Mr. Abaaoud kept a low profile among civilians there, said Omar Abu Layla, an antigovernment activist from Deir al-Zour, but gained a reputation in skirmishes against groups calling themselves the Free Syrian Army that oppose both the Islamic State and the Syrian president, Bashar al-Assad. Mr. Abaaoud’s enemies called him “the mongoose,” for his ability to operate discreetly, quickly and quietly, establishing his presence and power.
Western officials say the Belgian-born Mr. Abaaoud was eventually assigned a bigger role: to organize attack missions in Europe. There, he drew upon a vast network of radicals and extremists long before the Paris strikes.
The French interior minister, Bernard Cazeneuve, said at a news briefing on Thursday that Mr. Abaaoud, in addition to playing an important role in the Paris attacks, had his hand in at least four of the six plots French authorities had broken up this year.
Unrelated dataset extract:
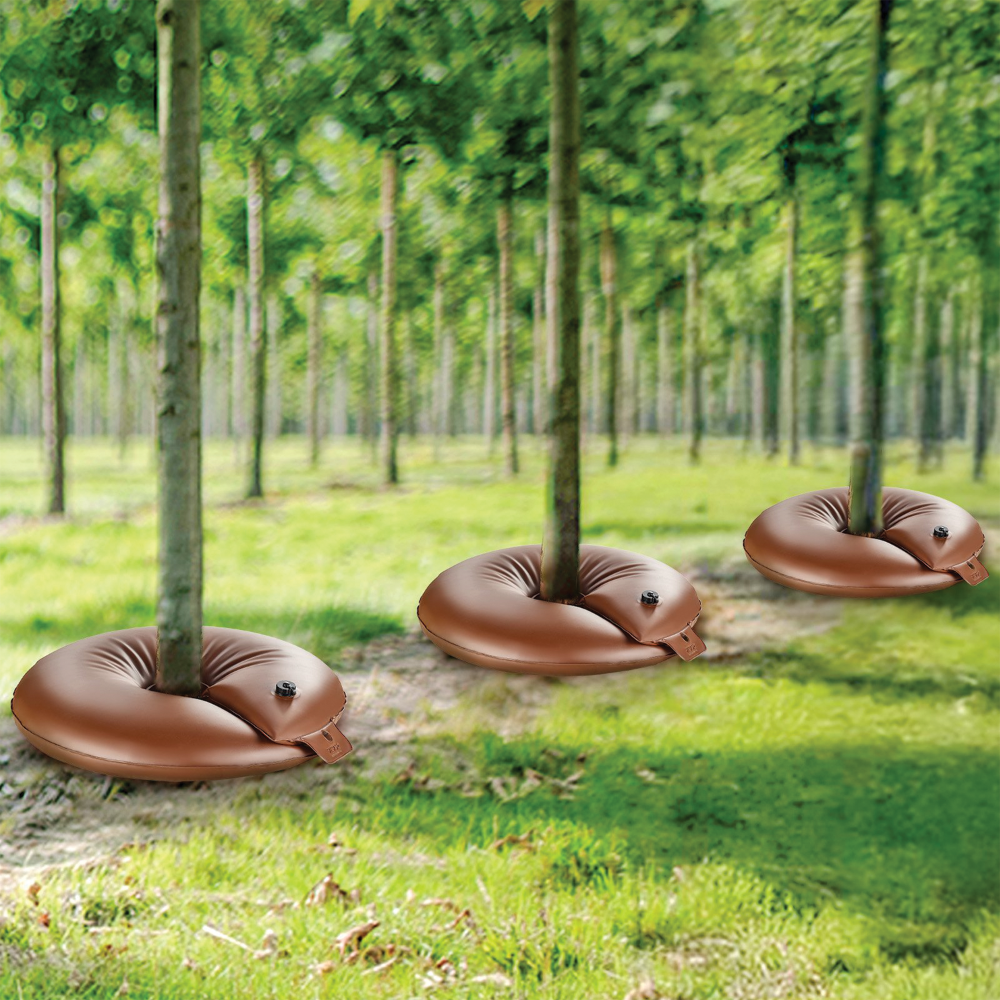 Zavlažovací kruhy ke stromům jsou navrženy pro efektivní hluboké zavlažování bez zbytečného plýtvání vodou. Každý vak pojme až 60,6 litru vody, která se postupně uvolňuje po dobu 6 až 9 hodin přímo ke kořenovému systému stromu. Díky tomu dochází k lepšímu zakořenění, zdravějšímu růstu a vyšší odolnosti proti suchu. Vaky jsou vyrobeny z pevného PVC materiálu o vysoké gramáži, který je odolný vůči povětrnostním vlivům, protržení i mechanickému namáhání. Bez problémů snesou kontakt s větvemi i tlak při plném naplnění. Univerzální konstrukce umožňuje použití jak u mladých stromků, tak u dospělých stromů s průměrem kmene až 140 mm. Šroubovací plnicí otvor usnadňuje rychlé doplnění vody běžnou zahradní hadicí, zatímco kapkový ventil zajišťuje rovnoměrné a plynulé vypouštění bez ucpávání. Zavlažovací vaky výrazně snižují potřebu častého ručního zalévání a pomáhají šetřit vodní zdroje. Jsou ideálním řešením pro zahrady, sady, parky i nově vysazené stromy ve městech.

A Belgian counterintelligence official said the Islamic State operated cells like Mr. Abaaoud’s based on language ties, such as a francophone group. The cells are also grouped to facilitate the planning of attacks on areas they are most familiar with. For instance, French plotters who knew which landmarks to strike worked with Belgians who knew they could organize plots and buy weapons, all under the radar, in Belgium.
These cells worked in what the official called a “bamboo” structure — most militant groups have cells intended to operate separately and in parallel to ensure that if one member is killed or a plot is aborted, the demise would not affect other plots.
John O. Brennan, the director of the Central Intelligence Agency, said last week that the Paris attacks, as well as the downing of the Russian jet over the Sinai Peninsula and the suicide bombings in Beirut, all bore the “hallmarks” of the Islamic State.
The timing of the Russian charter jet crash with the attacks in Beirut and Paris is the most visible indication yet that the Sinai Province group may be taking broad guidance from the Islamic State, counterterrorism officials said.
“Europe has been taken by surprise by Daesh’s ability, determination and motivation to carry out such spectacular, coordinated and violent attacks outside the territory it holds instead of focusing on consolidating the caliphate,” said another senior European counterterrorism official, using an Arabic acronym for the group.
It should not have been. Abu Musab al-Zarqawi, the leader of Al Qaeda in Iraq, the forerunner to the Islamic State, was always interested in external attacks, notably the bombing of three hotels in Amman, Jordan, in 2005 that killed 60 people, according to American and European intelligence officials.
Representative Adam B. Schiff of California, the senior Democrat on the Intelligence Committee, said that the Islamic State’s main priority for its first year had been to consolidate control over territory in Iraq and Syria, but that the external operations cell had grown in stature, first promoting so-called lone-wolf attacks and now most likely directing specific plots.
“In the case of Paris,” Mr. Schiff said, “we’re still trying to determine the extent of control by the external branch, and how much discretion was given to the operatives in Europe to pick the time, place and manner of attack.”